HomeComapnyClientsLibraryPressContactDM Links

Click for a Printer-friendly Version - Adobe PDF

Unleashing the Power of A Demographic & Psychographic Database Enhancement

By Jim Wheaton
Principal, Wheaton Group

Original version of an article that appeared in the October 1998 issue of "Target Marketing"

A demographic and psychographic enhancement of your customer or prospect database can improve dramatically your target marketing program.  This is because a major part of targeting is determining what to promote.  You must tailor the message to the life-stage and needs of each individual.  And, an important tool for understanding life-stage and needs is third-party demographic and psychographic overlay data.

Most marketers believe that a database enhancement is a simple process.  After all, how hard can it be to overlay demographic and psychographic variables and then interpret their averages and distributions?

Unfortunately, the answer is that it's quite a bit harder than you might think!  And, that's the reason for this article:  to provide you with a step-by guide for successfully incorporating demographic and psychographic overlay data into your target marketing program.

Reasons for Enhancing a Customer or Prospect Database
There are four major reasons for enhancing a database with overlay demographics and psychographics:

  • To create profiles.  Averages and distributions can be computed for a broad range of variables such as "age," "income," "marital status," and "presence of children."  Feed this information to a good creative staff and the result will be interesting insights into how to tailor the promotional message to the characteristics of each individual.
  • To generate segments, which divide a database into groups of identical, or "homogeneous," individuals (or households).  Many companies create a manageable number of homogeneous life-stage segments and then target them with customized promotions.  Consider a few of the permutations that can be created from our aforementioned "age," "income," "marital status," and "presence of children" variables:
    • Young, affluent singles.
    • Young, middle-class parents.
    • Middle-aged, affluent parents.
    • Older, middle-class "empty nesters."
  • As input to statistics-based predictive models, which methodically interrogate multiple variables to predict future behavior.  Examples of such behavior are response rate and purchase volume.
  • To increase the "rentability" of a customer database, especially for non-hotline names.  In this application, enhancement data is used to identify pockets of customers with increased responsiveness to the renting company's offer.  

The Importance of Name and Address Hygiene
Name and address hygiene are critical to an optimal enhancement.  No matter how good the overlay data, it's worthless if the customer or prospect database displays such poor hygiene that the matching algorithm cannot function properly.

Hygiene problems take two forms.  The first occurs when a database record does not contain an up-to-date address.  The second takes place when a record, although reflecting the current residence, contains garbled or incorrect address elements such as Street Numeric or ZIP Code.  Both types of hygiene problems depress the percentage of records that can be appended with enhancement data and contribute to deliverability problems.

Multiple Methods of Compilation
In order to properly interpret and use enhancement data, it's important to understand the forms in which it is offered for sale.  The following are the possibilities, along with some caveats:

Aggregated data: 

  • Census-based geographic units can be purchased at the Census Tract and Block Group levels. There were 49,961 Census Tracts and 225,876 Block Groups in the 1990 Census.  Most of this data is derived from the Census statistics itself, although some enhancement companies offer elements that have been compiled from proprietary sources.
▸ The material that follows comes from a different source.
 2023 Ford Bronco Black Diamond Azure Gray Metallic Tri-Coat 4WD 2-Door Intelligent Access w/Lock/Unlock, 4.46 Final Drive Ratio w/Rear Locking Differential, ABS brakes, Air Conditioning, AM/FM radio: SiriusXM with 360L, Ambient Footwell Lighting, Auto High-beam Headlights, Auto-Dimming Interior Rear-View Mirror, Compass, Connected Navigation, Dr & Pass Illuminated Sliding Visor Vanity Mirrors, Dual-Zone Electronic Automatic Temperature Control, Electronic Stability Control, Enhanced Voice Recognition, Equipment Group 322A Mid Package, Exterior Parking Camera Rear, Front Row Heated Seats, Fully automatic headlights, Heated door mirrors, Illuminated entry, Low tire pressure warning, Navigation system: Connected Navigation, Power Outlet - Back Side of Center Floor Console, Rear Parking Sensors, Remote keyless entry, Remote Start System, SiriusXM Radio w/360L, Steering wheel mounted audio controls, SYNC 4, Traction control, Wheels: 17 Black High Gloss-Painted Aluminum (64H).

    As the unit of data aggregation gets larger, the variation of the variable values tends to narrow.  Therefore, there will be a smaller percentage of very high, and very low, values.  This will affect the criteria for any select.  Consider a promotion targeted to neighborhoods with high "median household income."  There will be a higher percentage of Blocks Groups than there will be Census Tracts with "income" greater than or equal to — say — $80,000. 
     
  • Postal-based geographic units are offered at the ZIP Code, Carrier Route and ZIP+4 levels.  As of the mid-1990's, there were about 43,000 ZIP Codes, 570,000 Carrier Routes and 29 million ZIP+4 Codes.  Most of this data is also based on the Census statistics.  In such instances, the enhancement companies use proprietary algorithms to translate Census-based geographic units into postal-based units.

Non-Aggregated data:

  • Household-level data comprises the majority of non-aggregated data.  "Income," "marital status," "presence of children," and psychographics are examples of variables that generally are compiled at this level.
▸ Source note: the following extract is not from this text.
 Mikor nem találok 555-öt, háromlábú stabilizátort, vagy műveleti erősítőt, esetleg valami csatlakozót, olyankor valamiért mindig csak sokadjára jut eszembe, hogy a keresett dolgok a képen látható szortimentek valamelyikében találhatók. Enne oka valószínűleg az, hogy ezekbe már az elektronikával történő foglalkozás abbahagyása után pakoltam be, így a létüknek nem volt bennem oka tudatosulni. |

    Such elements are particularly easy to misinterpret.  Assume that I am interested in automobiles but my wife is not.  Unfortunately, my wife will be tagged with an "automotive interest" during a database enhancement.  Understanding this phenomenon can mean the difference between a smart and a not-so-smart marketing move. "Interest in automobiles" once "popped" on the customer database of a well-known woman's magazine.  It would not have been a good move for the editorial staff to add content on the rebuilding of a fuel injection system! 
     
  • Individual-level data, which often is limited to "gender" and "age."

    We have already noted that, as the unit of data aggregation gets larger, the variation of the variable values tends to narrow.  The same phenomenon exists for any aggregated data element that is compared with its individual- or household-level equivalent.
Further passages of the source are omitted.